Fig. 5.  Emergence of the paternally expressed 10 (PEG10) differentially methylated region (DMR) from a newly inserted DNA sequence in marsupials and eutherians. PEG10 DMR is corresponds to a novel cytosine–phosphorous–guanine (CpG) island that appeared in eutherians and marsupials. Modified from fig. 5 in Suzuki et al. (2007). GC content of the SGCE-PEG10 region is shown as %.

The same is true for most of the DMRs in the eutherian-specific imprinted regions (Suzuki et al. 2011; Renfree et al. 2012; Fig. 6), except for small nuclear ribonucleoprotein polypeptide N (SNRPN) and solute carrier family 38 member 4 (SLC38A4) DMRs, in which the DNA sequences pre-existed in a common mammalian and therian ancestor respectively. In both cases, eutherian-specific genomic imprinting regulation was associated with eutherian-specific chromosomal translocation that occurred in the neighbourhood of each DMR (Rapkins et al. 2006; Suzuki et al. 2011). Some of the imprinted regions, such as malignant T cell amplified sequence 2 (Mcts2), paternally expressed 13 (Peg13), Ras protein specific guanine nucleotide releasing factor 1 (Rasgrf1), zinc finger (CCCH type), RNA binding motif and serine/arginine rich 1 (Zrsrt)/U2 small nuclear ribonucleoprotein auxiliary factor 35 kDa subunit-related protein 1 (U2af1-rs1) and impact, RWD protein (Impact), emerged in a lineage-specific manner, in which the insertion of their unique DMR sequences was confirmed. Thus, one conclusion that could be drawn is that the emergence of genomic imprinting regions occurred in association with major chromosomal changes (i.e. the insertion of exogenous DNA and/or chromosome translocation). This implies that genomic imprinting arose as a genome defence mechanism against the disturbance of the local genetic network by cis-regulatory units, probably due to either the loss or addition of such unit(s). As mentioned above, the complementary monoallelic expression system of genomic imprinting may be a useful means to overcome these situations, which could otherwise result in developmental abnormalities and/or lethality. Thus, the number of imprinted regions may only represent a list of successful recovery of genomic imprinting. Many more insertion and/or chromosomal rearrangement events must have occurred at the level of the complete genome, but harmful loci were lost, whereas non-harmful loci have remained. It should be noted that several imprinted genes that reside in the introns of other genes, such as Mcts2, nucleosome assembly protein 1 like 5 (Nap1L5), inositol polyphosphate-5-phosphatase F variant 2 (Inpp5f_v2), U2af1-rs1 and neuronatin (Nnat), are duplicated genes that were inserted by cDNA retrotransposition and their promoter regions became their DMRs (Cowley and Oakey 2010).

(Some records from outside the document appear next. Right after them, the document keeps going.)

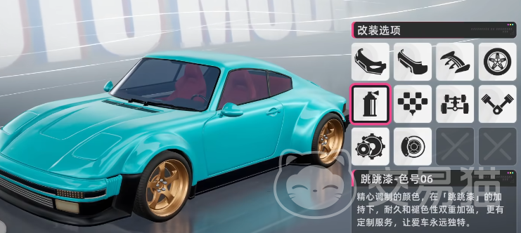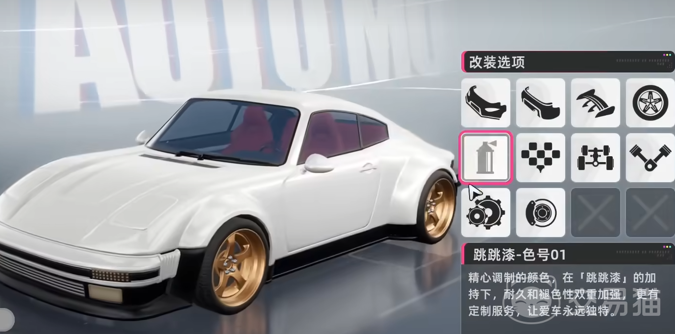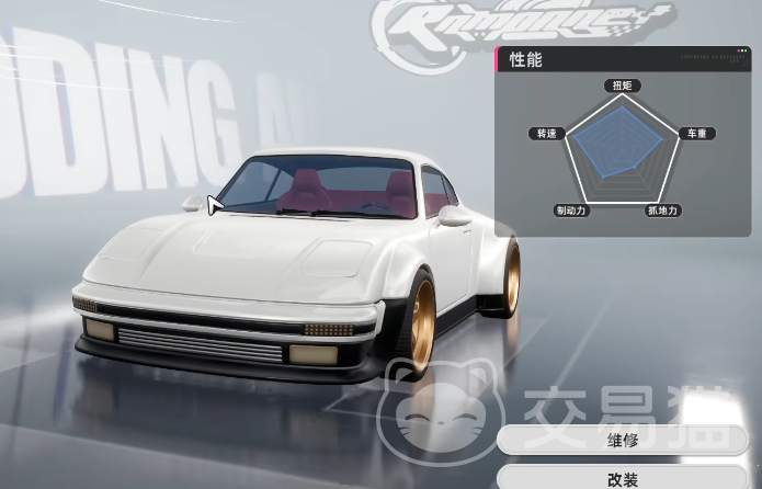 可以看到页面会有改装和维修两个不同选项,点击维修,会让大家的车子直接变成新车,没有任何撞击的磨损,而点击改装,就会正式进入到改装页面中,在改装页面里大家可以做出各种改动。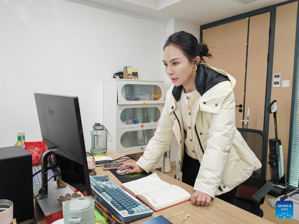 Yang Hanhan processes an AI-generated short film at her studio in Wuhan, central China's Hubei province, March 12, 2026. (Xinhua/Yue Wenwan)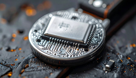 A detailed macro photograph captures the intricate heart of modern technologya central processing unit. Set against a rugged, industrial backdrop, the complex network of circuits on the circular board symbolizes the immense power of data processing, artificial intelligence, and the interconnected digital future.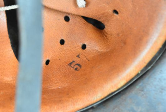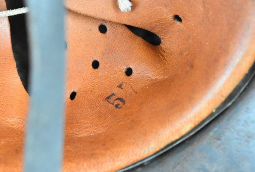WW2 Nazi German / Third Reich M40 double decal steel helmet with SS (Waffen SS) decal and party emblem decal, interior stamped with Q64 and batch number DN369, with leather liner size stamped 57 and chinstrap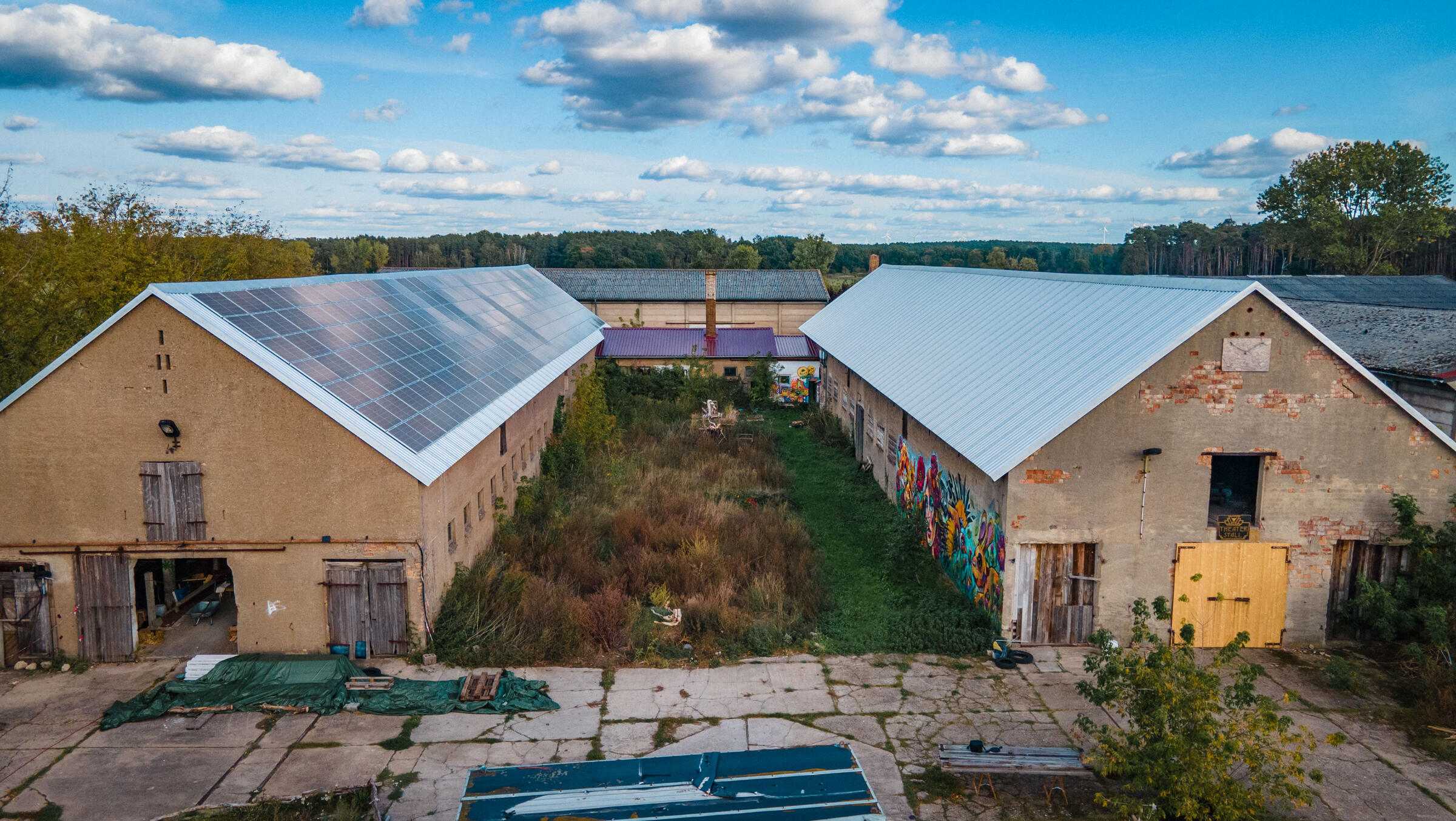 Dies ist ein alter LPG Kuhstall der zu einem Kulturgebäude umgebaut werden, mit einer Fläche von 6000 m². Dazu gehören 2 Ställe mit jeweils einer Länge von 60 m und eine Freifläche. Es gibt Komposttoiletten. In dem einen Stall steht eine Tribüne und eine Bühne, wie in einem Theater. Es gibt zwei große Dachböden und ein kleines Zwischenhaus mit zwei Zimmern, die ebenfalls komplett leer sind. Durch die große Freifläche ist Parken kein Problem. Für Garderobe, Maske und Teamaufenthalt kann der Club im Quergebäude genutzt werden. Die Location liegt nur 5 km von der Autobahn A9 nach Berlin entfernt. Es gibt gute Zug- und Busanbindungen. Es gibt auch Starkstrom.

Fig. 6.  Emergence of differentially methylated regions (DMRs) as newly inserted DNA sequences in mammalian linages. DMRs in paternally and maternally imprinted regions are shown in blue and red respectively. The locations of the mouse chromosomes are shown in parentheses. Paternally expressed 10 (PEG10) and H19 DMRs are common to eutherians and marsupials. *The imprinted regulation of these two regions started in eutherians in association with chromosome translocations near the DMRs. Modified from fig. 6 in Suzuki et al. (2011). Slc38a4, solute carrier family 38 member 4; Peg10, paternally expressed 10; Snprn, small nuclear ribonucleoprotein polypeptide N; H19, H19, imprinted maternally expressed transcript; Peg5/Nnat, paternally expressed 5/neuronatin; Gnas/Nesp, guanine nucleotide binding protein (G protein), alpha complex locus/neuroendocrine secretory protein; Peg1/Mest, paternally expressed 1/mesoderm specific transcript; Nap1/5, nucleosome assembly protein 1 like 5; Peg3, paternally expressed 3; Inpp5f_v2, inositol polyphosphate-5-phosphatase F variant 2; Lit1/Kcnq1ot1, long QT intronic transcript 1/potassium voltage-gated channel subfamily Q member 1 (Kcnq1) opposite strand/antisense transcript 1; Plagl1/Zac1, pleiomorphic adenoma gene 1(Plag1) like zinc finger 1/zinc-finger gene involved in apoptosis and cell-cycle control; Meg1/Grb10, maternally expressed 1/growth factor receptor bound protein 10; Dlk1/Meg3 IG, delta like non-canonical Notch ligand 1-maternally expressed 3 intergenic region; Airn-Igf2r, antisense of Igf2r non-protein coding RNA-insulin like growth factor 2 receptor; Mcts2, malignant T cell amplified sequence 2; Peg13, paternally expressed 13; Rasgrf1, Ras protein specific guanine nucleotide releasing factor 1; U2af1-rs1, U2 small nuclear ribonucleoprotein auxiliary factor 35 kDa subunit-related protein 1; Impact, impact, RWD protein.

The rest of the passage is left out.